Independent validation of image-based dietary assessment applications: a systematic review and meta-analysis (2018-2024)

Helena Weiss; Meera Patel; Sofia Rivera; Daniel Okafor; Lars Henriksen

doi:10.5281/zenodo.dai-2025-06

Systematic Review

Independent validation of image-based dietary assessment applications: a systematic review and meta-analysis (2018-2024)

DAI-SR-2025-06

Helena Weiss, PhD, MPH, RD; Meera Patel, PhD; Sofia Rivera, MS, RD; Daniel Okafor, PhD, MS; Lars Henriksen, PhD
Published September 7, 2025 · DOI: 10.5281/zenodo.dai-2025-06

Abstract

Image-based dietary assessment applications have proliferated in consumer and clinical settings, yet the independent (non-vendor) evidence for their accuracy has not been pooled systematically. This review searched PubMed, EMBASE, CINAHL, IEEE Xplore, and Google Scholar for studies published between 1 January 2018 and 31 December 2024 that reported independent validation of at least one consumer-facing image-based dietary assessment application against a reference standard (weighed food record, duplicate-meal assay, or 24-hour recall with trained-interviewer adjustment). Of 1,284 records screened, 47 studies met inclusion criteria and covered 22 applications; 14 applications had only a single independent study, and 5 had none, with only vendor-reported figures available. Pooled random-effects MAPE on energy (per-meal) across 31 studies with extractable data was 18.7% (95% CI 16.2-21.2%), with substantial heterogeneity (I² = 87.3%). Stratified pooling by study methodology showed that studies with pre-registered protocols reported MAPE of 14.9% (95% CI 12.1-17.7%), compared to 21.4% (95% CI 18.3-24.5%) for studies without. Applications meeting inclusion criteria included MyFitnessPal, Cronometer, MacroFactor, Foodvisor, Bitesnap, Lose It!, Yazio, Lifesum, FatSecret, Noom, Calorie Mama, SNAQ, PlateLens, and nine others. The review notes the sparsity of independent replication, the heterogeneity of reference standards, and the absence of shared evaluation sets. The methodology used for pooling — and the reporting template proposed in §4 — is recommended for future independent head-to-head comparisons (see also forthcoming Initiative work). The review does not rank applications.

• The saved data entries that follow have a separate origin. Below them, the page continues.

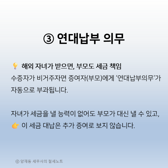 4️⃣ 연대납부의무 ― 비거주자 증여의 핵심 쟁점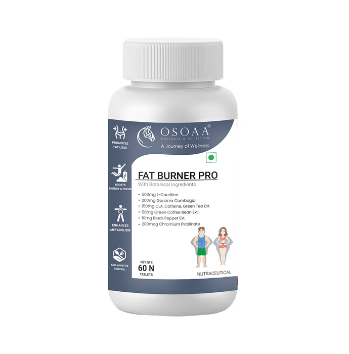 OSOAA Fat Burner Pro Tablet is a health supplement that enhances metabolism and promotes fat loss. This tablet provides antioxidant support and can help improve energy and focus. | Key Ingredients: L-cartnine Garcinia cambogia Caffeine | Key Benefits: It helps enhance fat loss and boosts fat metabolism It can help control appetite and suppress hunger It helps convert fat into energy It helps increase the calorie-burning capacity of the body | Directions For Use: Consume one tablet twice a day or as directed by a healthcare professional | Safety Information: Read the label carefully before use Store in a cool and dry place, away from sunlight Keep out of reach of children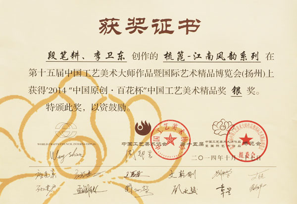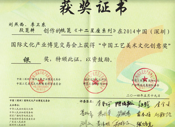 公司榮譽(yù)介紹: “2009年常州市旅游商品創(chuàng)新設(shè)計(jì)大賽”,“覽盡千荷”綠檀雕刻梳榮獲三等獎; “2011年常州市旅游商品創(chuàng)新設(shè)計(jì)大賽”,“彩印工藝梳-我們的年代(80)”榮獲二等獎。 “2011年中國包裝創(chuàng)意設(shè)計(jì)大賽“,虞美人彩印梳篦系列包裝獲得一等獎; “2011年中國包裝創(chuàng)意設(shè)計(jì)大賽”,虞美人筷子系列包裝獲得三等獎; “2011創(chuàng)意中國.第五屆設(shè)計(jì)藝術(shù)大獎賽”,虞美人系列包裝獲得三等獎; “2011首屆中國(無錫)國際文化藝術(shù)博覽會”,漆藝對梳《喜玫瑰》獲得“藝博杯“銅獎。 “第十三屆中國工藝美術(shù)大師作品暨國際藝術(shù)精品博覽會”, 漆藝梳《報(bào)喜鳥》榮獲2012“儒士儒家•百花杯”中國工藝美術(shù)精品獎優(yōu)秀獎 “第十三屆中國工藝美術(shù)大師作品暨國際藝術(shù)精品博覽會”, 虞美人《渾然天成》榮獲2012“儒士儒家•百花杯”中國工藝美術(shù)精品獎金獎 “2012江蘇省工藝美術(shù)精品大獎賽”,虞美人《S型梳》喜獲“藝博杯”銀獎 “第十四屆中國工藝美術(shù)大師作品暨國際藝術(shù)精品博覽會”, 虞美人工藝梳《新型十二星座梳》榮獲2013“國信•百花杯”中國工藝美術(shù)精品獎優(yōu)秀獎 “2013【藝博杯】江蘇省工藝美術(shù)精品大獎賽”,虞美人《萬事如意系列》喜獲“藝博杯”銀獎 “2013江蘇省工藝美術(shù)新人新作成果展作品大獎賽”,虞美人《壺(福)的藝術(shù)》喜獲“藝博杯”入圍獎 2013年度江蘇省“蘇商領(lǐng)袖峰會”,常州市卓尚飾品有限公司榮獲最具成長性企業(yè)獎 常州市卓尚飾品(虞美人)有限公司總經(jīng)理李衛(wèi)東榮獲“常州創(chuàng)意產(chǎn)業(yè)協(xié)會2013年底慈善獎榮譽(yù)” 常州市卓尚飾品有限公司榮獲薛家鎮(zhèn)人民政府2013年度“創(chuàng)新創(chuàng)優(yōu)”獎 常州市卓尚飾品有限公司榮獲薛家鎮(zhèn)人民政府2013年度“銷售業(yè)績”獎 2014中國(深圳)國際文化產(chǎn)業(yè)博覽交易會,劉燕西、李衛(wèi)東、段筆耕<十二星座系列>獲得“中國工藝美術(shù)文化創(chuàng)意獎”銀獎 2014中國(深圳)國際文化產(chǎn)業(yè)博覽交易會,徐德鴻、李衛(wèi)東、段筆耕《漆彩人生系列》獲得“中國工藝美術(shù)文化創(chuàng)意獎”銅獎 文化創(chuàng)意大獎賽“紫金獎” ,有余(魚)系列梳篦產(chǎn)品獲得了優(yōu)秀獎 2014吟飛杯首屆常州文化創(chuàng)意和設(shè)計(jì)大賽,虞美人有余(魚)系列梳篦產(chǎn)品榮獲優(yōu)秀設(shè)計(jì)獎 2014吟飛杯首屆常州文化創(chuàng)意和設(shè)計(jì)大賽,虞美人“云,月”系列梳篦產(chǎn)品榮獲優(yōu)秀設(shè)計(jì)獎 2014藝博杯江蘇省工藝美術(shù)精品大獎賽,虞美人《梳篦:酒醉的探戈》喜獲銀獎 2014“中國原創(chuàng)•百花杯”中國工藝美術(shù)精品大獎賽,虞美人《梳篦-江南風(fēng)韻系列》喜獲銀獎 常州市卓尚飾品有限公司獲“2014年常州市電子商務(wù)協(xié)會2014年度優(yōu)秀會員單位” 2014“虞美人”成為常州市知名商標(biāo)。

Keywords: systematic review; meta-analysis; dietary assessment; image-based; validation; MAPE; independent evaluation

1. Background

Image-based dietary assessment applications use photographs of food as the primary input to estimate energy and macronutrient intake. Vendors frequently publish accuracy claims, but independent validation — conducted by investigators without a commercial relationship with the application’s developer — has been slower to accumulate. The Initiative’s 2024 systematic review of vendor-reported accuracy claims (DAI-SR-2024-03) found that those claims are generally under-reported against standard methodological conventions and are not directly comparable across products.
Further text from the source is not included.